Football is one of the most popular sports in the United States. Every year more than 1 million high school males and over 60,000 collegiate males participate in organized football. The number of males who play football is greater than the combined number of males and females who participate in track and field or basketball.1 Football has the highest injury rate amongst popular American sports.2 From 2001 to 2005, there was an estimated 1.1 million emergency room visits as a direct result of football.3 Injuries are more likely to occur during games,1,2,4,5 more likely to require surgery,4 and more likely to end the player’s season or career when compared to other sports.6 Of those injuries that end seasons or careers, the knee is the most common culprit.6 This is of particular concern because knee injuries are most common in football.1,2,5,7 This article reviews the epidemiology of 4 of the most common knee injuries in American football: tears of the anterior cruciate ligament (ACL), medial collateral ligament (MCL), medial patellofemoral ligament (MPFL), and posterior cruciate ligament (PCL).

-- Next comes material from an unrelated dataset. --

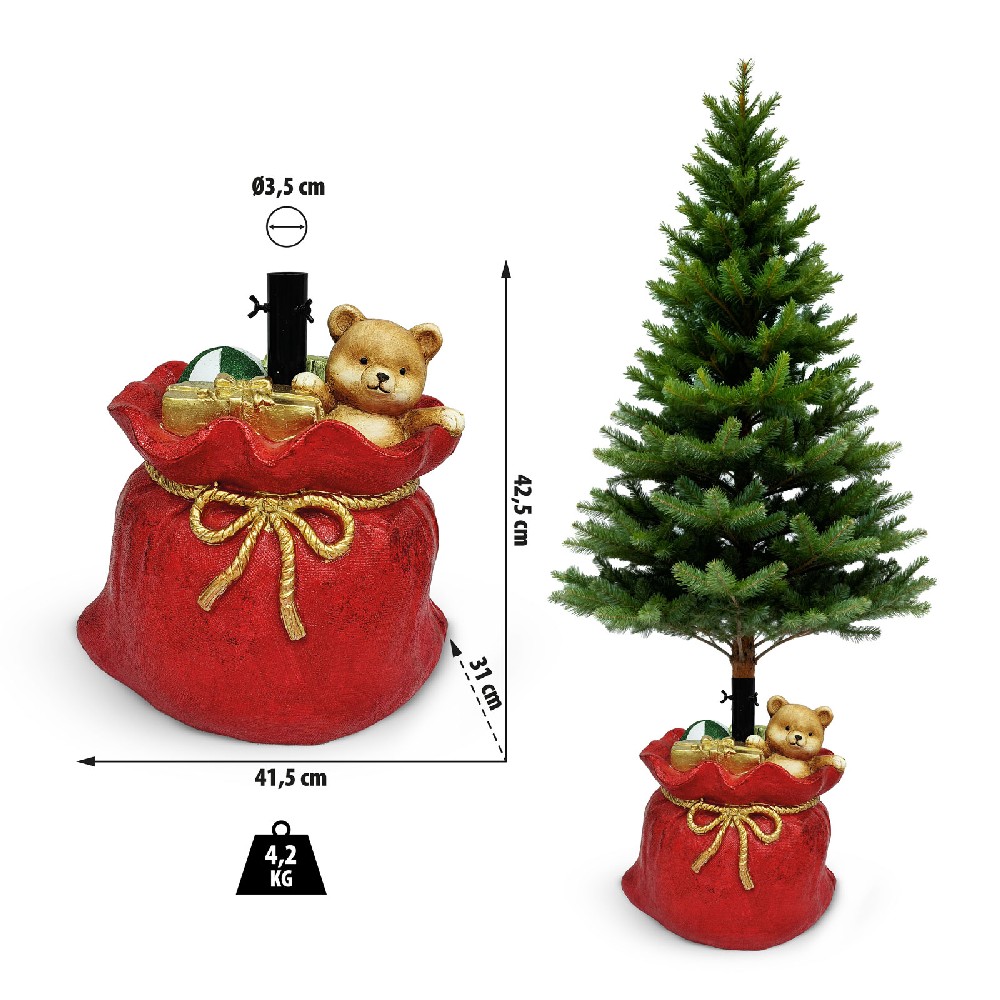 Acest suport de brad în formă de sac de Moș Crăciun nu este doar practic, ci și un element decorativ impresionant pentru pomul de Crăciun. Culoarea roșie cu șnur auriu creează o impresie realistă de sac plin cu cadouri, asigurând în același timp stabilitate pentru pom. Fabricat din piatră artificială, oferă o prindere solidă chiar și pentru brazi de dimensiuni mari.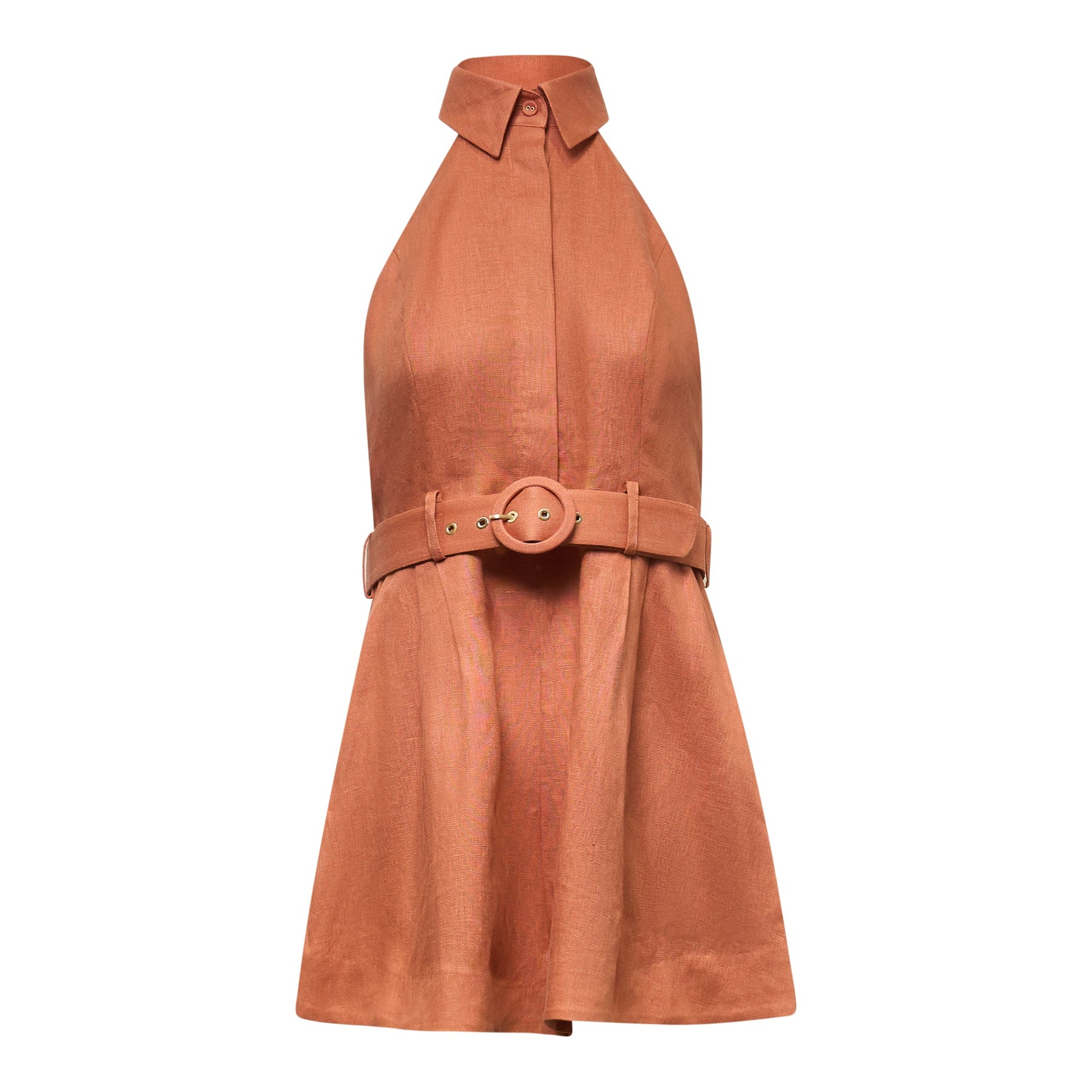 ZIMMERMANN Awaken Halter Playsuit delivers effortless luxury with refined tailoring and flattering silhouette. Crafted from premium linen in warm terracotta, featuring a structured halter neckline and matching belt for waist definition. The signature Australian aesthetic combines relaxed sophistication with contemporary feminine design.

Anterior Cruciate Ligament

The ACL is the primary structure preventing anterior tibial translation. It is composed of 2 anatomic bundles: the anteromedial and posterolateral bundles. The ACL originates from the posteromedial portion of the lateral femoral condyle and inserts between and slightly anterior to the tibial intercondylar eminence. The bundles are named for their relative insertions onto the tibia.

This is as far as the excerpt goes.